In order to perform price scraping, you need to know the CSS selector or the xPath for the target element. Therefore, if you are scraping thousands of websites, you need to manually figure out the selector for each of them. And if the page changes, you need to change that as well.
Well, not anymore.
Today, you are going to learn how to perform automated price scraping with AI. You are going to use the power of AI to automatically get the CSS selector of the elements you want to scrape, so that you can do it at scale.
The final result
By the end of the day, you will have built a Node.js web scraper. But you can use the same method for pretty much any programming language you want.

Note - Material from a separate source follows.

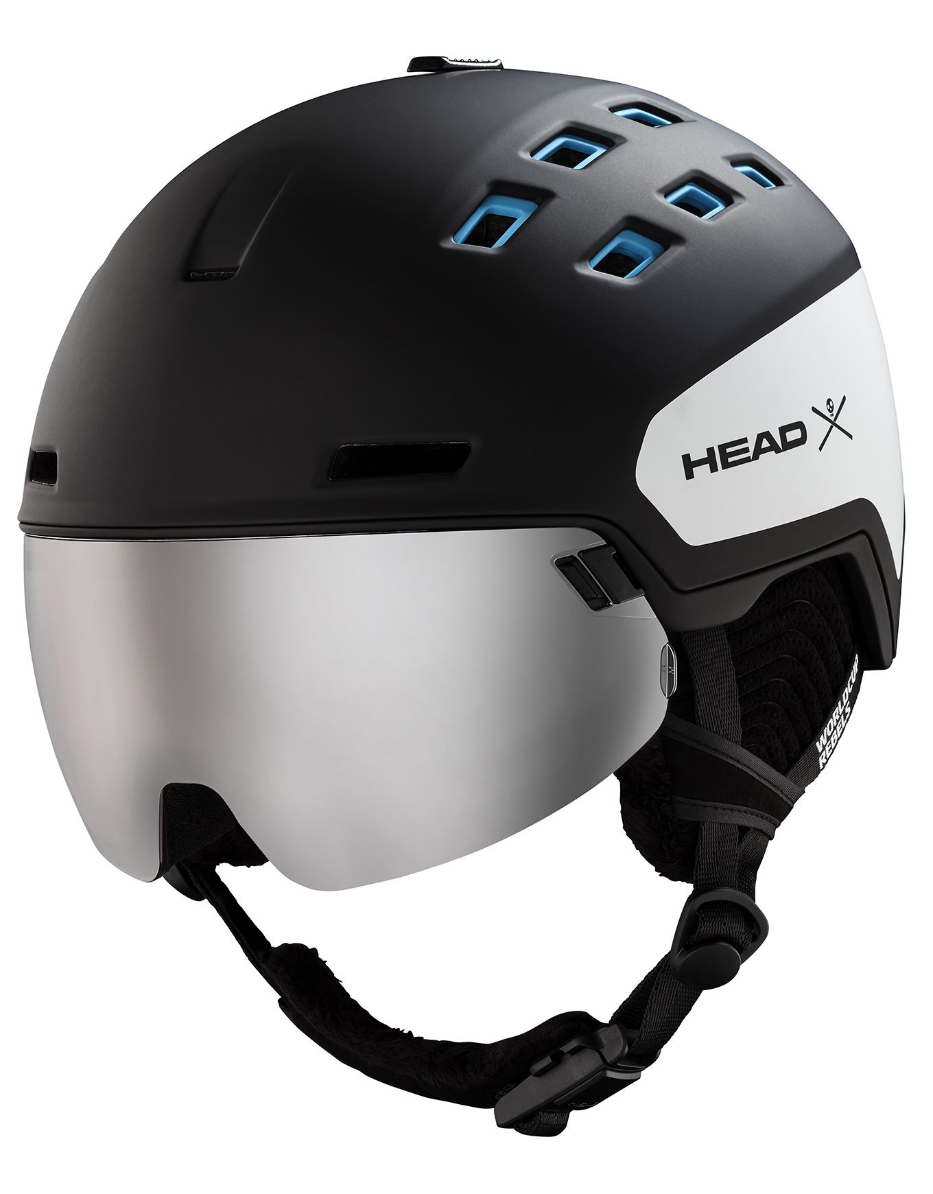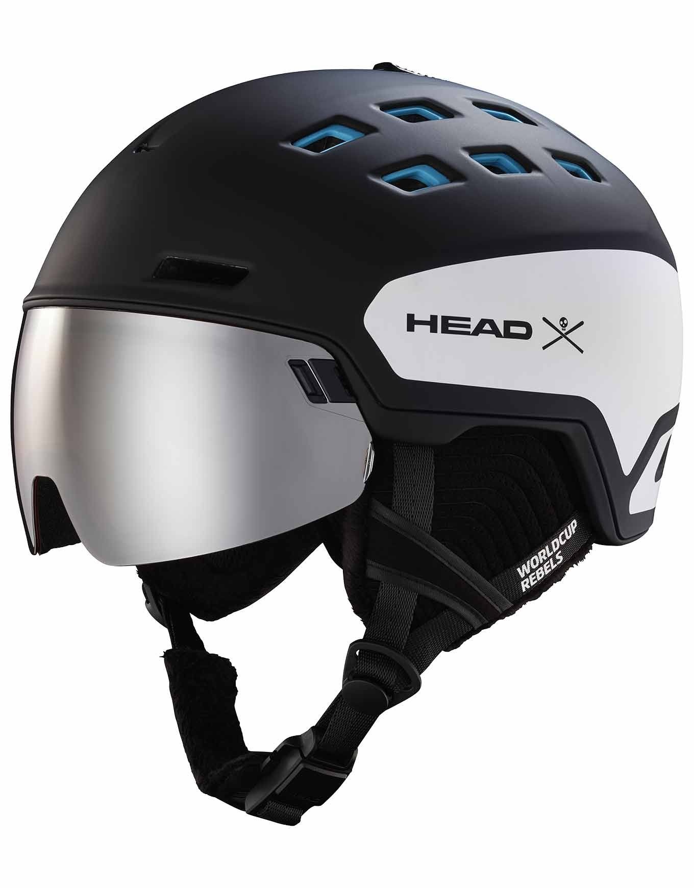 Casque de ski Head Radar Wcr homme avec visière intégrée double écran, construction In-Mold EPS légère, ventilation réglable, doublure micropolaire amovible.

You will get a method to extract the xPath from a regular product pricing page, like this one:
But without coding the xPath, using AI to do it.
This is basically a two-stages process:
Stage 1: Find the xPath for the price element for each of the target sites
Stage 2: Scrape the pages periodically using the rules you’ve found
Therefore, the first step is to send the websites to the AI so that it can figure out the web scraping rules for the elements you want to scrape.
In this first stage, you get the targets list and use ScrapingBee to get the page’s source code. Then you send the source code to OpenAI along with the prompt to get the price scraping rules. Finally, you save the scraping rules for later use.
After that is done, you can just scrape the prices periodically as you would usually do. Like this:
At this point, you just get the targets list, and use ScrapingBee to execute the scraping rules on each website and get the prices. Then you just need to save the prices, or process them in any way you want.
Let’s get started!
Prerequisites
These are the prerequisites to build your AI price scraping tool:
- Node.JS
- ScrapingBee’s Node.JS SDK
- OpenAI’s Node.JS Library
You can use other programming languages if you want, since both ScrapingBee and OpenAI provide libraries in other languages. In addition, you don’t really need the libraries, you can use regular API calls. So as long as your programming language (or even no code tool) can perform POST requests, you can use this same method.
You can install the ScrapingBee and OpenAI utilities using npm. Run this command:
$ npm init
$ npm install openai
$ npm install scrapingbee
You can get an OpenAI API key from their site. They might have some offers such as free credits when you sign up. Either way, testing it is quite inexpensive, given that it costs $0.002/1k tokens, you can process around 370,000 words for $1.
If you haven’t already, sign up for ScrapingBee and get 1,000 free API credits to test it as well.
Build a targets list
You can scrape prices from any site you want, but to make things easier, let’s use three dummy sites in this tutorial.
Since this is an AI tutorial, it makes sense to show a nice easter egg. Instead of manually coding the dummy sites, you can use ChatGPT to do it.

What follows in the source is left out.